Problem to work on >> The data below should be retyped exactly, with the pictures left out.

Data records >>
/---
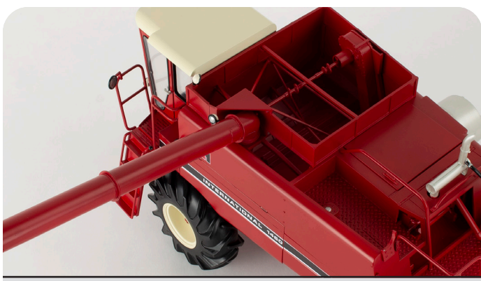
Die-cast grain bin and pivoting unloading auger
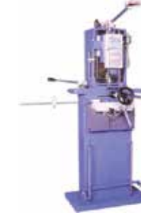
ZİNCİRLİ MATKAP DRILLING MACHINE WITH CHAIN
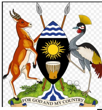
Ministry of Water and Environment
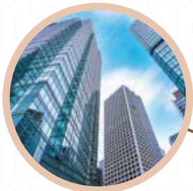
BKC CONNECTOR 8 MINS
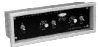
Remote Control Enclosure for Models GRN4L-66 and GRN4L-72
\---
Written reply >>
Die-cast grain bin and pivoting unloading auger
ZİNCİRLİ MATKAP DRILLING MACHINE WITH CHAIN
Ministry of Water and Environment
BKC CONNECTOR 8 MINS
Remote Control Enclosure for Models GRN4L-66 and GRN4L-72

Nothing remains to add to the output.